4. Can you take BENZONATATE and ACETAMINOPHEN AND CODEINE PHOSPHATE together?

No direct drug-drug interaction has been formally documented between BENZONATATE and ACETAMINOPHEN AND CODEINE PHOSPHATE in current clinical databases. However, individual patient risk factors including other medications, organ function, and comorbidities should always be evaluated by a qualified healthcare provider.

5. Are BENZONATATE and ACETAMINOPHEN AND CODEINE PHOSPHATE safe during pregnancy?

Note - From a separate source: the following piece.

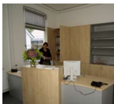
Die Medienstelle präsentiert sich in neuen Farben und zeitgemäßer Ausstattung.

Mehrere Wochen lag die gesamte arp unter einer Staubschicht und die Arbeit wurde durch

The maternal-fetal safety profiles differ. BENZONATATE is classified as Category A/B. FDA Pregnancy Category C. First trimester: No adequate human studies; animal studies not available. Theoretical risk of fetal bradycardia and respiratory depression if used near te. ACETAMINOPHEN AND CODEINE PHOSPHATE is classified as Category D/X. Acetaminophen is considered low risk in all trimesters at therapeutic doses; chronic high doses may be associated with adverse outcomes. Codeine is associated with risk of respirat. Always consult a maternal-fetal medicine specialist before taking either drug during pregnancy or lactation.